Last modified: 2019-06-16

Abstract


Some recent contributions to economic literature have highlighted the role of corporate savings decisions by big corporations in devoting their profits to direct investment in capital goods, showing how this role is affected by the features of corporate governance and the forms of competition, but also by the possibilities of holding liquid financial assets bearing high returns. However, some of these analyses, while by and large plausible at the firm level, show a fallacy of composition when transposed to the macroeconomic level to explain the effects of financialisation on real aggregate investment.

Starting from a critical analysis of both mainstream and heterodox contributions on this topic, the paper proposes an analytical framework in which  the growing financialisation of big corporations, interacting with financial globalization, which creates new ways to access the high profits produced in the emerging markets, and growing liquidity holdings, closely connected to both growing uncertainty on very competitive worldwide markets and financial speculation, can  play a major role in timing the rhythms of real investment, at least in a part of the world economic system.  In fact, in open economies, the differences in average profitability between different countries can reduce capital sources for real investment in one country by means of capital transfers, in direct but also financial forms, towards other countries.

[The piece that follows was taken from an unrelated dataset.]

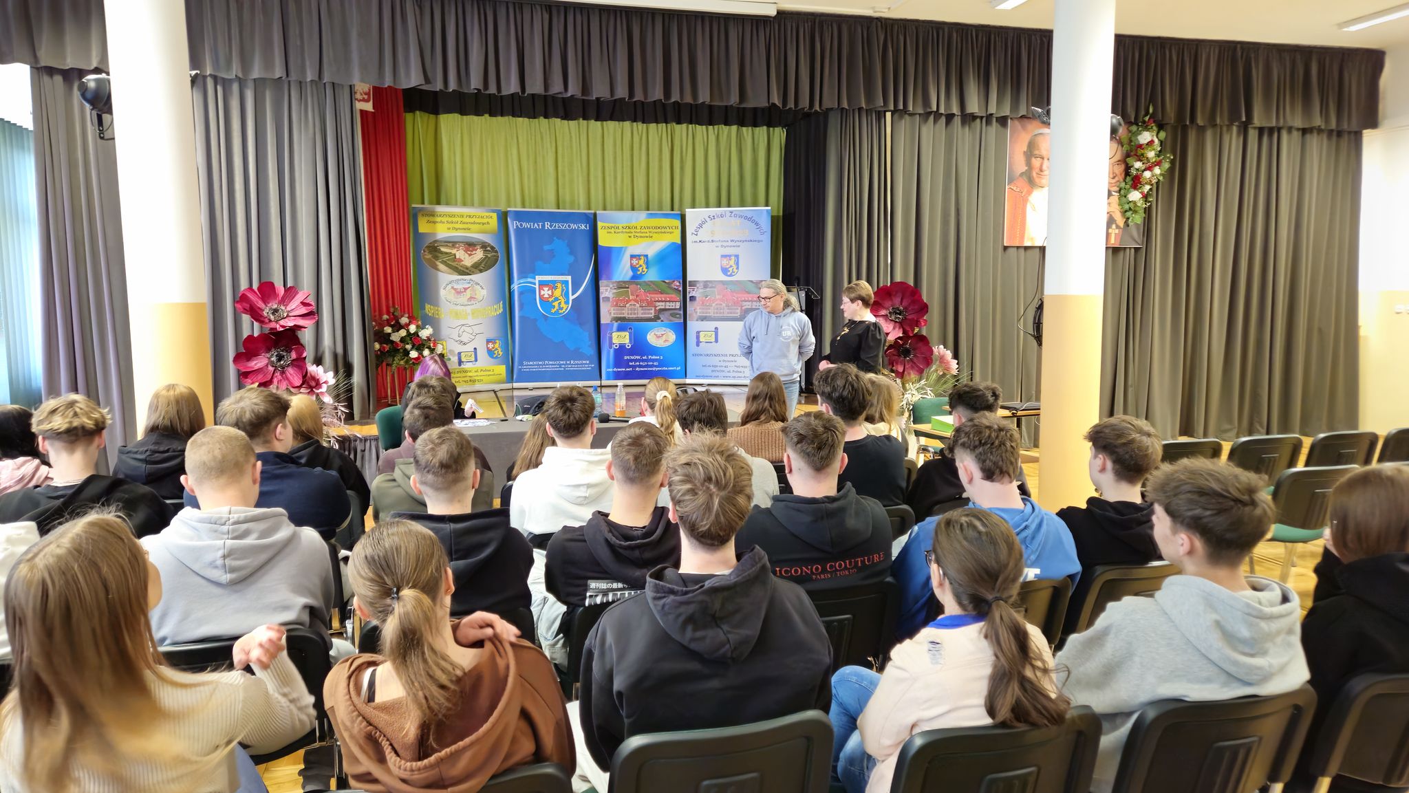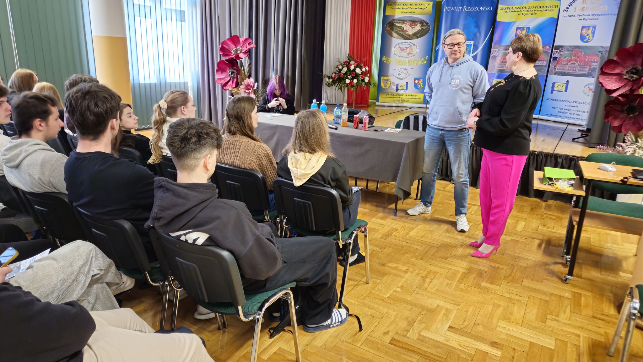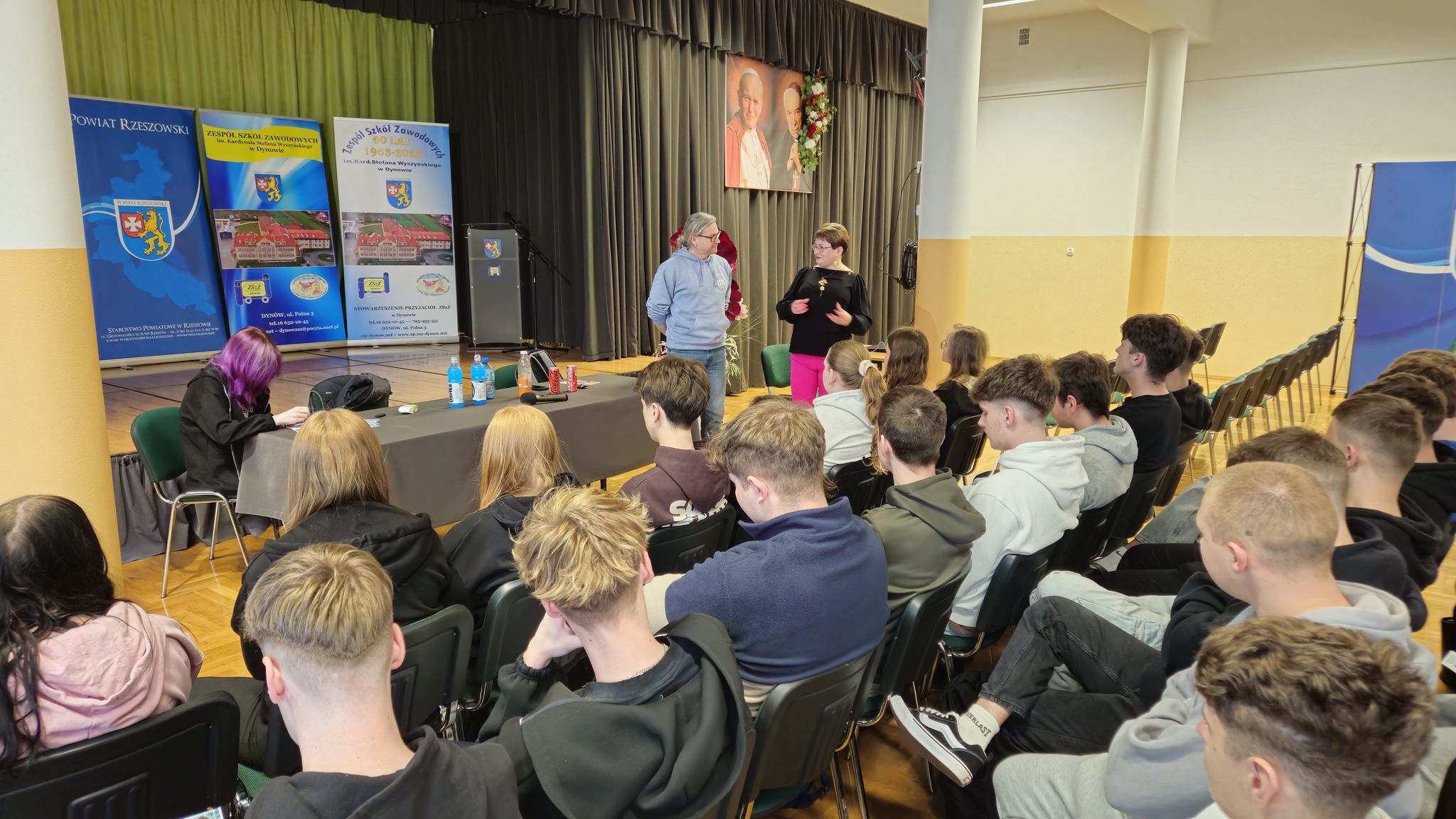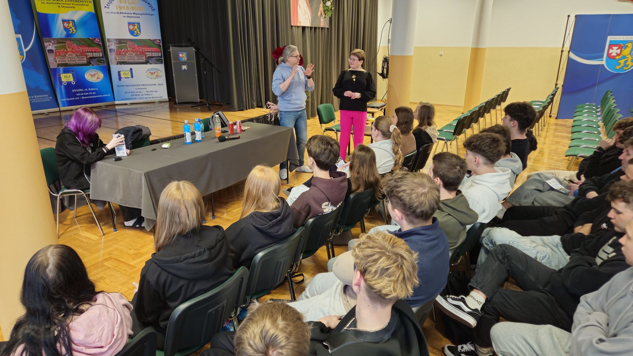 W dniu 18 marca 2026 r. w Zespole Szkół Zawodowych im. Kardynała Stefana Wyszyńskiego w Dynowie odbyło się spotkanie z Panem dr hab. Grzegorzem Zagułą prof. Uniwersytetu Rzeszowskiego, Dyrektorem Instytutu Technologii Żywności i Żywienia. Spotkanie rozpoczęła Pani Dyrektor Halina Cygan. Tematyka spotkania dotyczyła „Napojów funkcjonalnych – czym i jak się nawadniać?”. Celem spotkania było przybliżenie zagadnienia dotyczącego rodzaju napojów i ich wpływu na organizm człowieka. Poruszono również problem prawidłowego nawadniania – czym i jak się nawadniać?, na co zwrócić uwagę przy wyborze rodzaju wody mineralnej. W spotkaniu uczestniczyli uczniowie klas maturalnych: 5TPS, 5THL, 5TI pod opieką nauczycieli. Spotkanie zorganizowała: Pani Elżbieta Kiszka. #Powiat Rzeszowski #Kuratorium Oświaty #Uniwersytet Rzeszowski

Moreover, the paper shows how, beside the rates of return, the liquidity degree of the assets can also be a very important determinant in portfolio choices by corporations, in close connection with business fluctuations. Thus, portfolio choices by corporations also and indeed above all depend on the uncertainty degree of their economic environment, which can induce hoarding phenomena which are, ultimately, the real prime mover of decreasing aggregate investment.